Action item: Copy out only the lines running from the one that contains "特に幸福度が高い地域では、「" through the end of the listing. Pictures stay out.

The data:
== Segment start ==

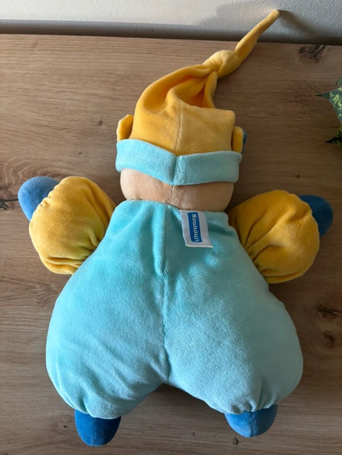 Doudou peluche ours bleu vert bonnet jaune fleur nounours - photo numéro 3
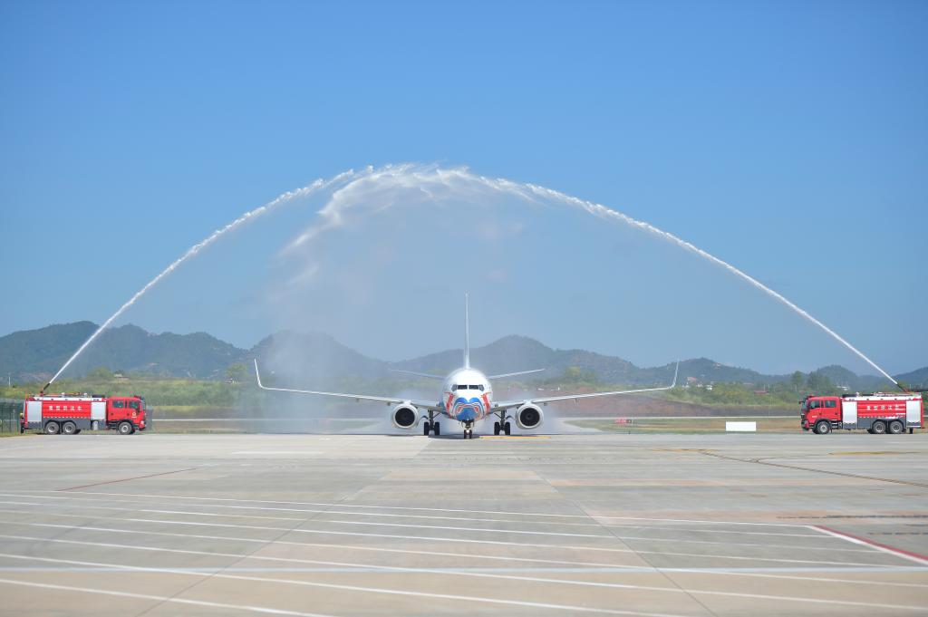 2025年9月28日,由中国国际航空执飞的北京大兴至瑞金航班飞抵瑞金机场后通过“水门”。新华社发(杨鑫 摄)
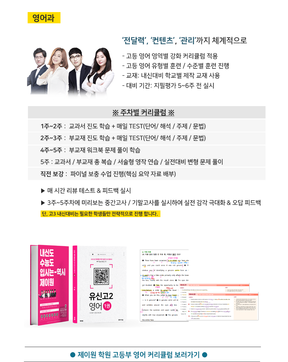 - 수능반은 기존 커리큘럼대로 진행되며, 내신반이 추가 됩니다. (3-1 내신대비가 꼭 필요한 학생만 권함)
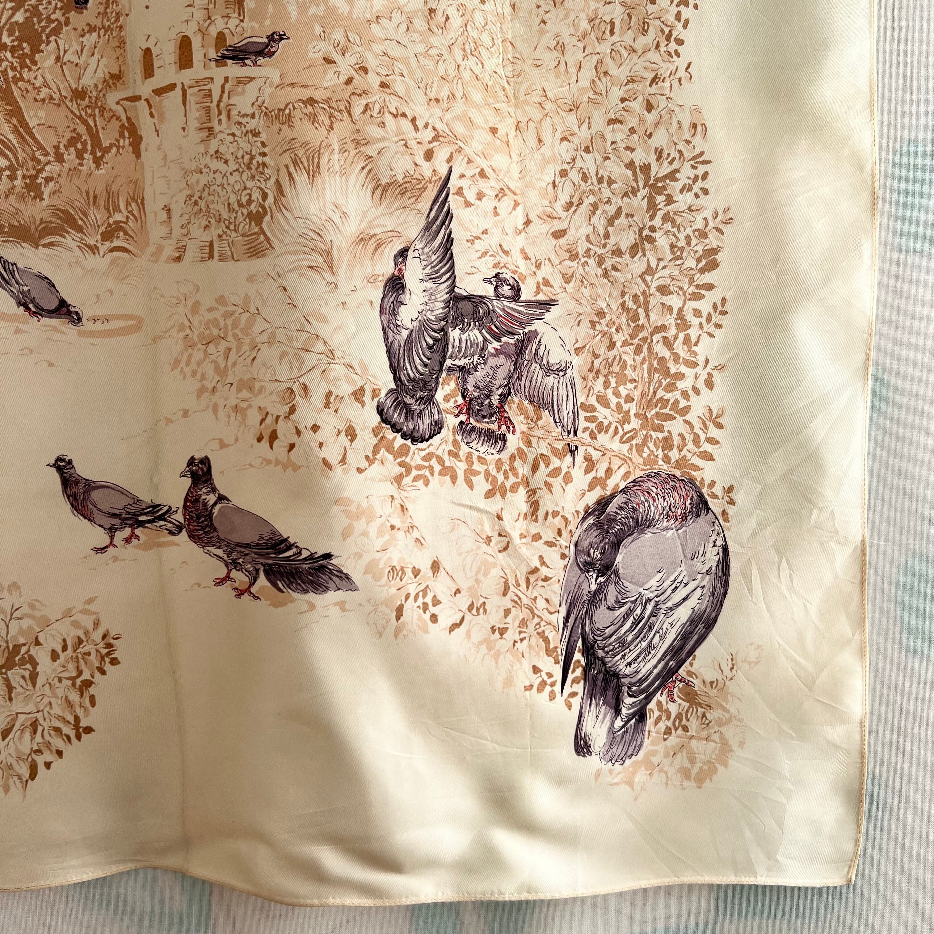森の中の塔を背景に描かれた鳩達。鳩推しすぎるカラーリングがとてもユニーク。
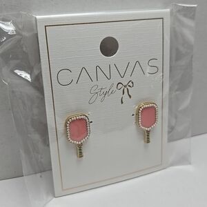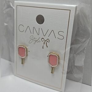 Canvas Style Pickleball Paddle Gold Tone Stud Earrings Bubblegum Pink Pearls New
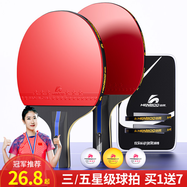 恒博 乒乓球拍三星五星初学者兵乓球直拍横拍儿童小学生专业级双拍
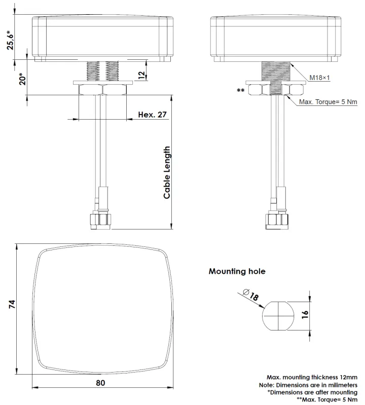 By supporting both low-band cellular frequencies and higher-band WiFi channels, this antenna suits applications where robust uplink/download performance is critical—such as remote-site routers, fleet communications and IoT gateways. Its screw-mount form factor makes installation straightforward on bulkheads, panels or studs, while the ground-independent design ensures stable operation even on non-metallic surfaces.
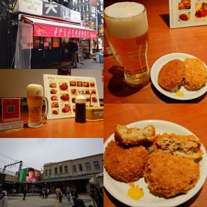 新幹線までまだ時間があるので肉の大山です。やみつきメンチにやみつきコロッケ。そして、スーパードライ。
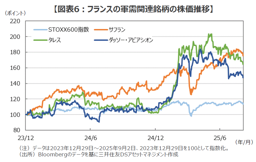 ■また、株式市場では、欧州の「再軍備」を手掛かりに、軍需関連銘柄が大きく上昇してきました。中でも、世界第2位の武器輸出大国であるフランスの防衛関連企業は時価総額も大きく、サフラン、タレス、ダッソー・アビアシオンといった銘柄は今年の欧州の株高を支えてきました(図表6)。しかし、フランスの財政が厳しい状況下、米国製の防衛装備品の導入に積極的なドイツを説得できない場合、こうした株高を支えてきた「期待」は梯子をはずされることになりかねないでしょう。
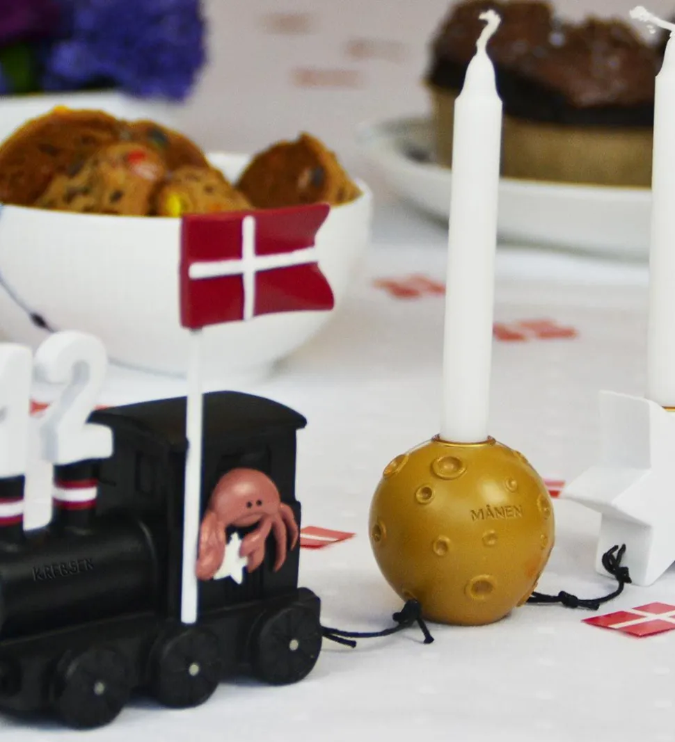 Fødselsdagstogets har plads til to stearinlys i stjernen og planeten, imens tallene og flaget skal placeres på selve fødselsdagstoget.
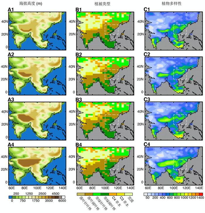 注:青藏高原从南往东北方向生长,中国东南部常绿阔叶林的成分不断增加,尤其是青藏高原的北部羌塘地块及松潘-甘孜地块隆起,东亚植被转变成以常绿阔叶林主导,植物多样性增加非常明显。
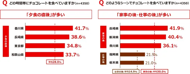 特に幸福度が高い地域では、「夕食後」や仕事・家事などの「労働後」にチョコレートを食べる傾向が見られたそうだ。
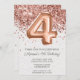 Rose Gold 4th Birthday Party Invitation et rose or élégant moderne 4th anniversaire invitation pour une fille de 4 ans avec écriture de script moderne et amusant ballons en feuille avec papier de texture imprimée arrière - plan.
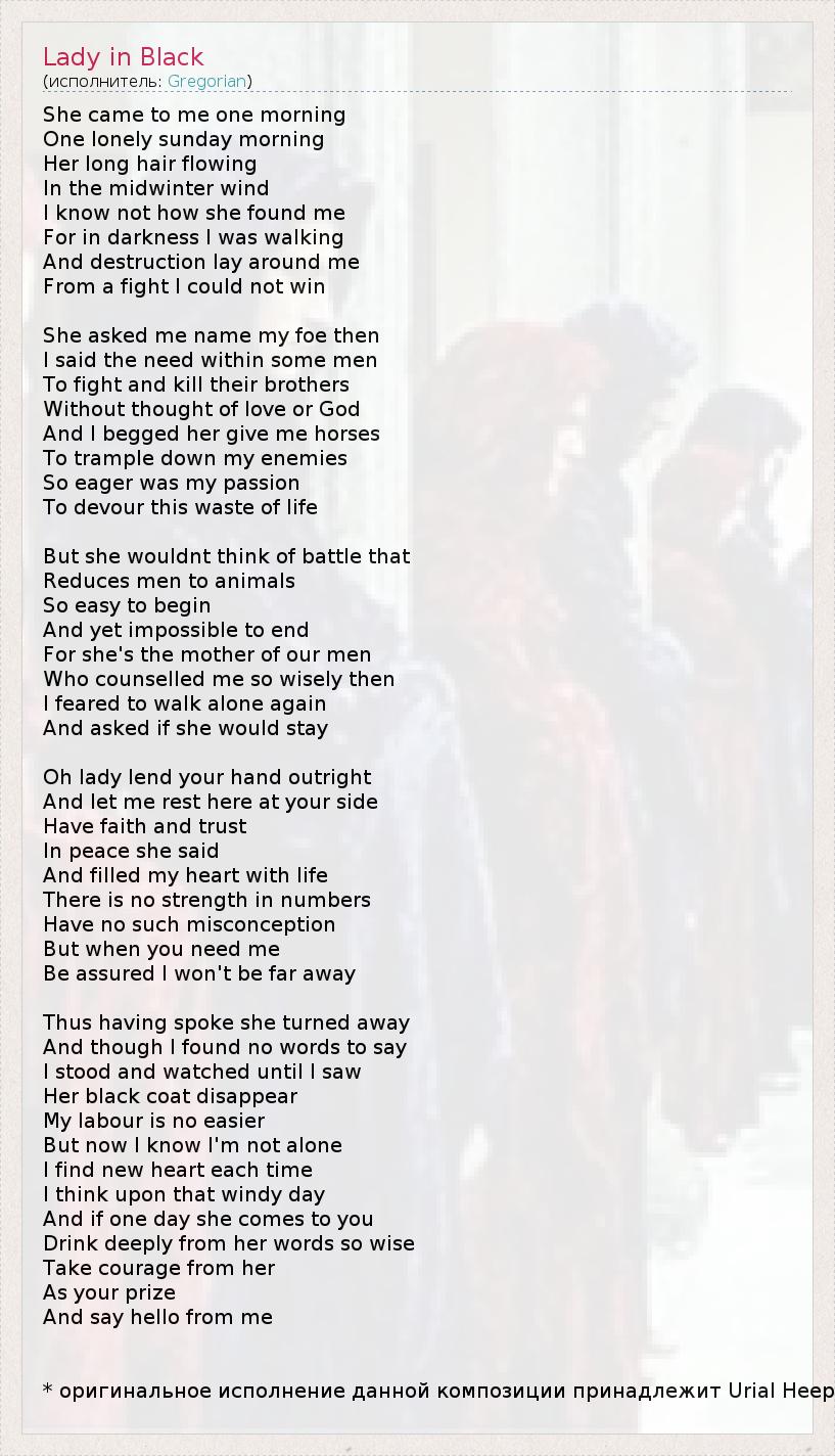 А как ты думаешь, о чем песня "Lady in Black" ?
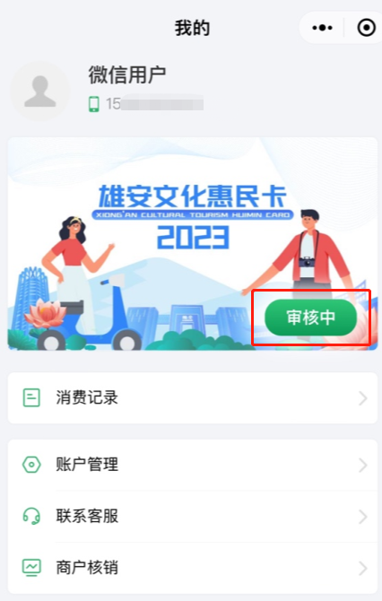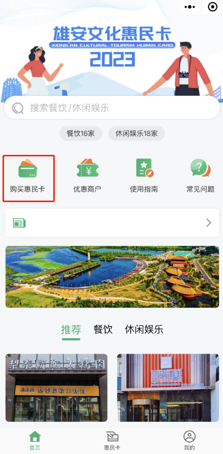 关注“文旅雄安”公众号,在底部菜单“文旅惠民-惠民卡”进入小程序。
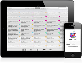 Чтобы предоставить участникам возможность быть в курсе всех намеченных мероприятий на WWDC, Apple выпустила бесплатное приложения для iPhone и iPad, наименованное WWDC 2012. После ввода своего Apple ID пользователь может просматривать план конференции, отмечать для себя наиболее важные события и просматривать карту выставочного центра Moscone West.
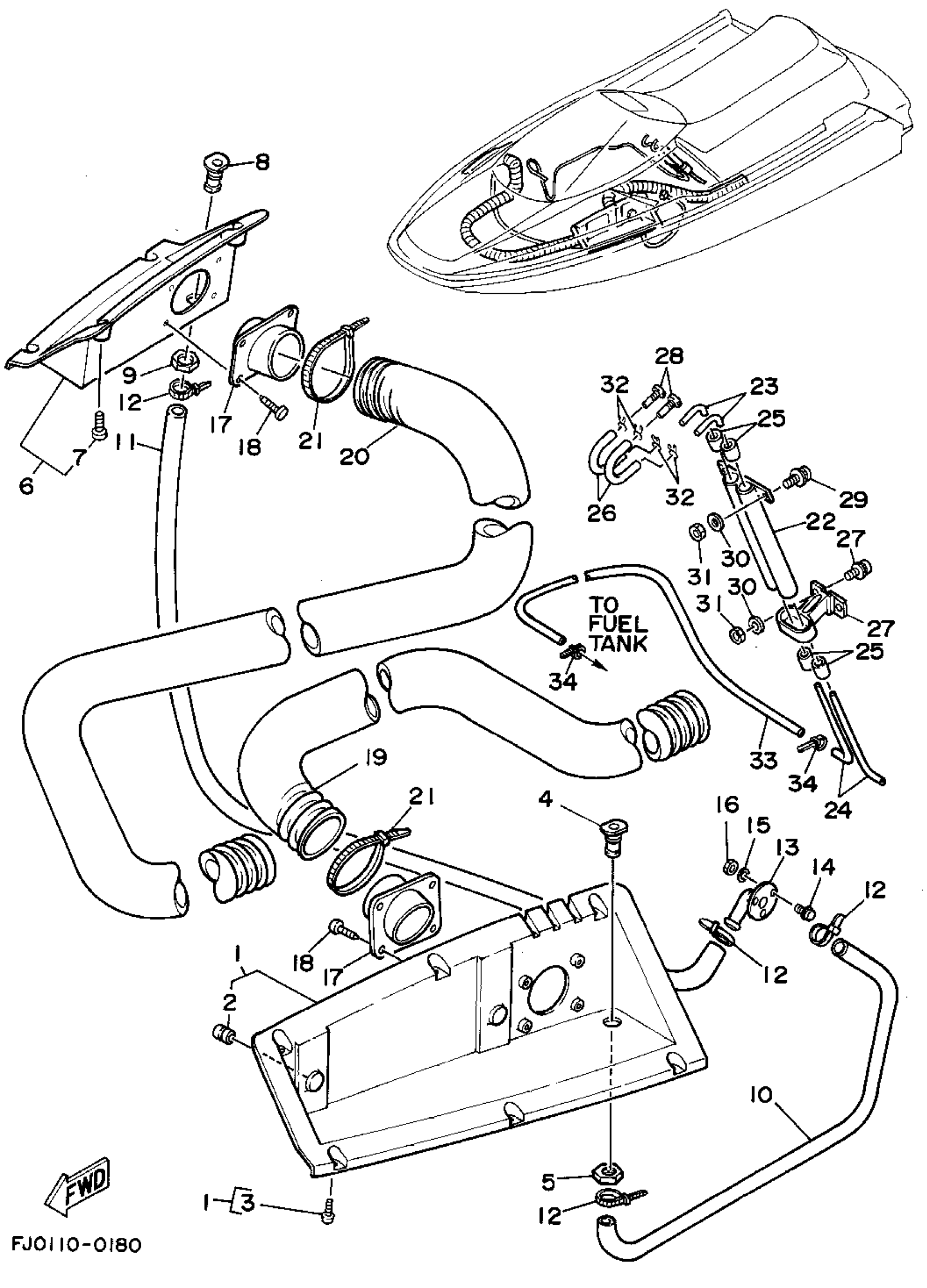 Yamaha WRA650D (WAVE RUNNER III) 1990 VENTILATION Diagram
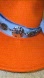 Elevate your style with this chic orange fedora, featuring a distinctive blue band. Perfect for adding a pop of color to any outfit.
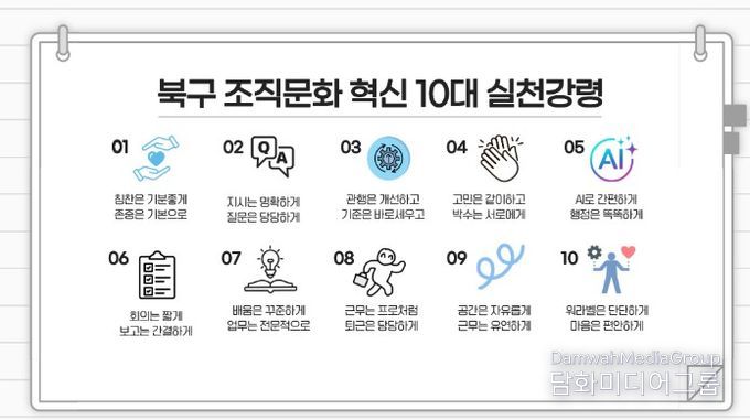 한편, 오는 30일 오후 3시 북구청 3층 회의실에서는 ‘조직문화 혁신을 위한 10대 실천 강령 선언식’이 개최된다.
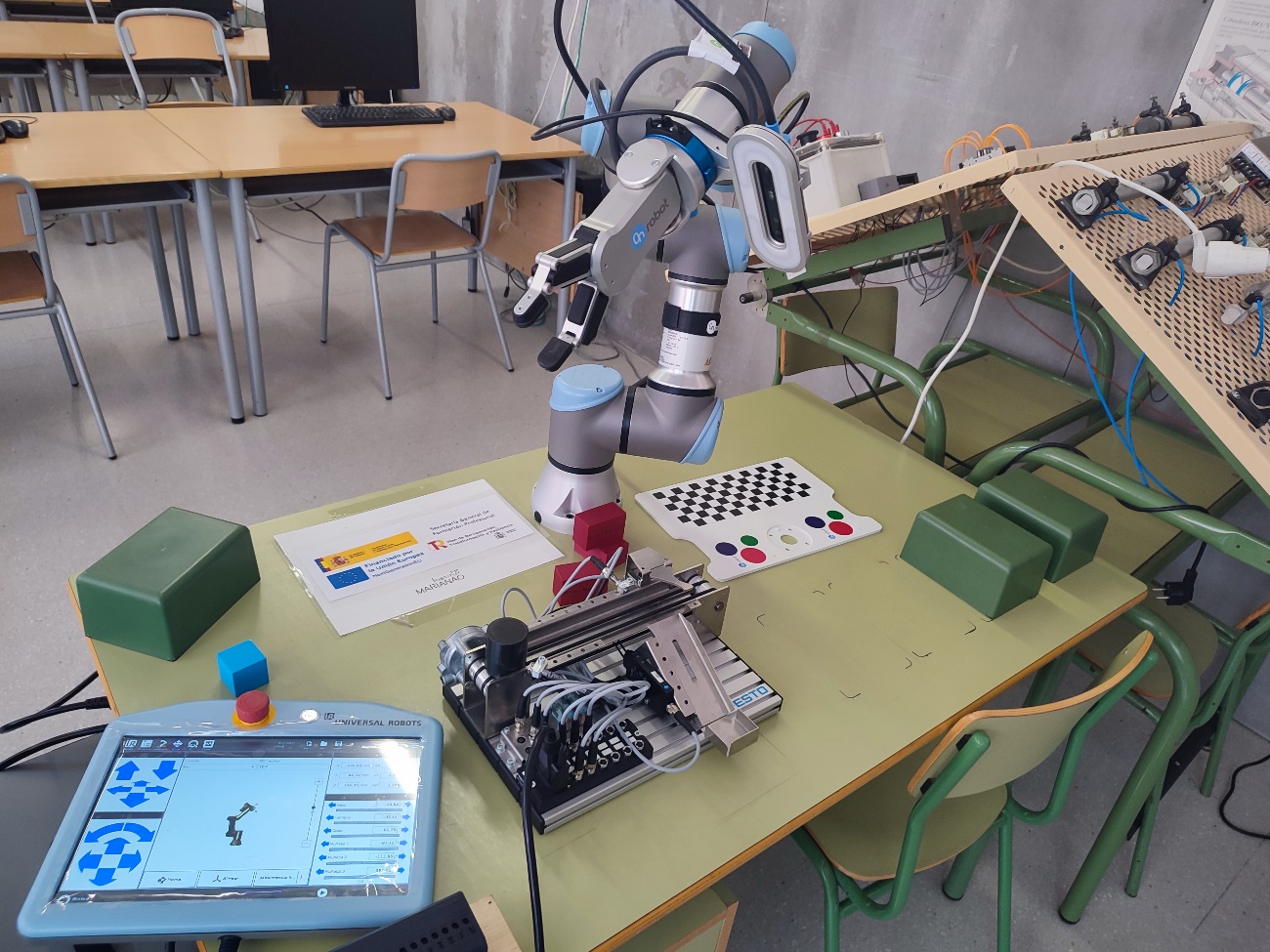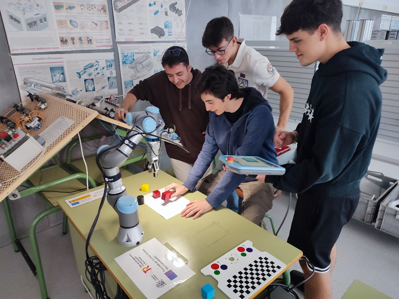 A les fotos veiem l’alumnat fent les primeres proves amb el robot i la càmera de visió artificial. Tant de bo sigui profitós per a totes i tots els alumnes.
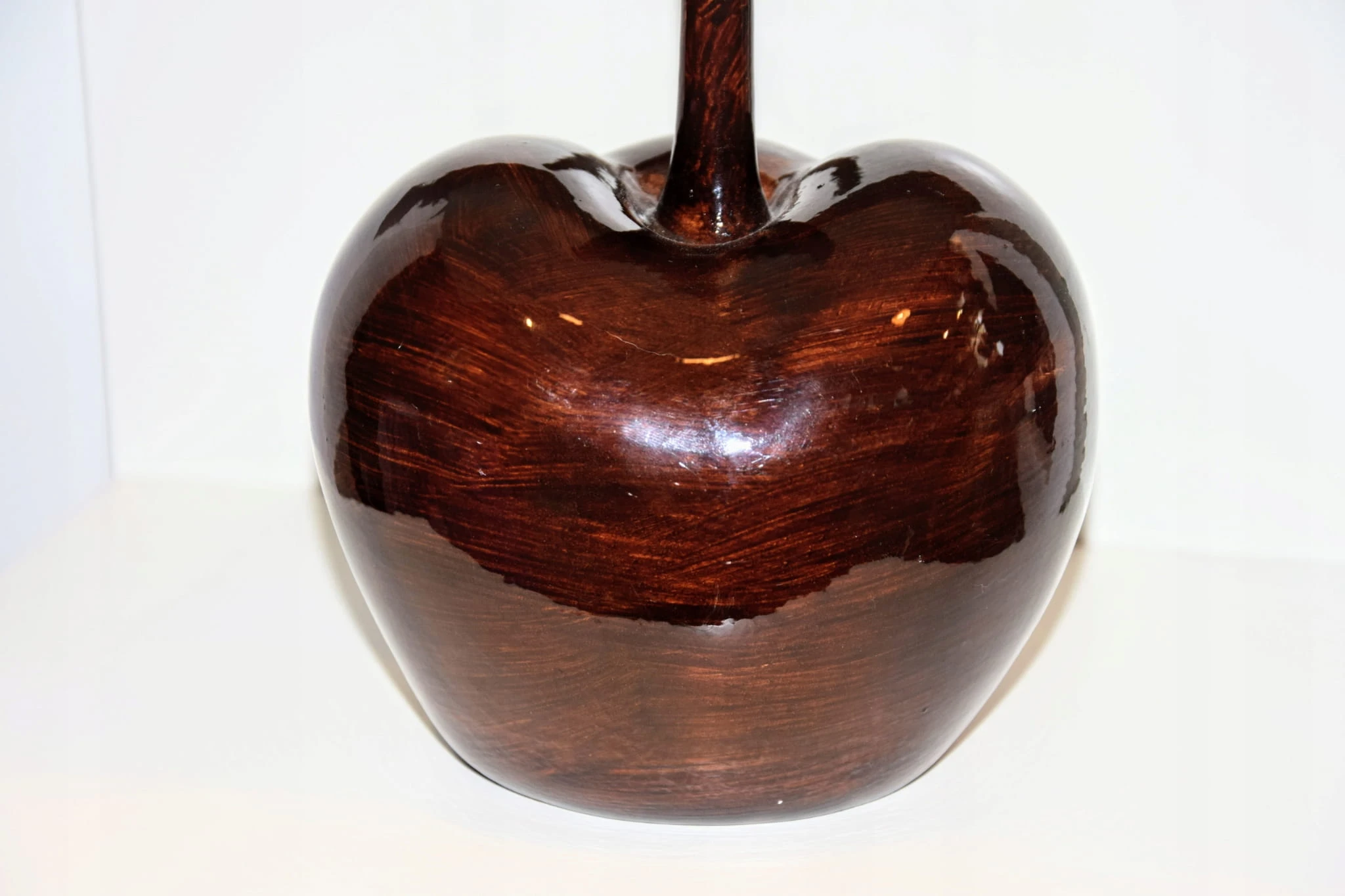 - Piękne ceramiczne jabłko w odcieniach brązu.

== Segment end ==

Answer to the problem:
 特に幸福度が高い地域では、「夕食後」や仕事・家事などの「労働後」にチョコレートを食べる傾向が見られたそうだ。
 Rose Gold 4th Birthday Party Invitation et rose or élégant moderne 4th anniversaire invitation pour une fille de 4 ans avec écriture de script moderne et amusant ballons en feuille avec papier de texture imprimée arrière - plan.
 А как ты думаешь, о чем песня "Lady in Black" ?
 关注“文旅雄安”公众号,在底部菜单“文旅惠民-惠民卡”进入小程序。
 Чтобы предоставить участникам возможность быть в курсе всех намеченных мероприятий на WWDC, Apple выпустила бесплатное приложения для iPhone и iPad, наименованное WWDC 2012. После ввода своего Apple ID пользователь может просматривать план конференции, отмечать для себя наиболее важные события и просматривать карту выставочного центра Moscone West.
 Yamaha WRA650D (WAVE RUNNER III) 1990 VENTILATION Diagram
 Elevate your style with this chic orange fedora, featuring a distinctive blue band. Perfect for adding a pop of color to any outfit.
 한편, 오는 30일 오후 3시 북구청 3층 회의실에서는 ‘조직문화 혁신을 위한 10대 실천 강령 선언식’이 개최된다.
 A les fotos veiem l’alumnat fent les primeres proves amb el robot i la càmera de visió artificial. Tant de bo sigui profitós per a totes i tots els alumnes.
 - Piękne ceramiczne jabłko w odcieniach brązu.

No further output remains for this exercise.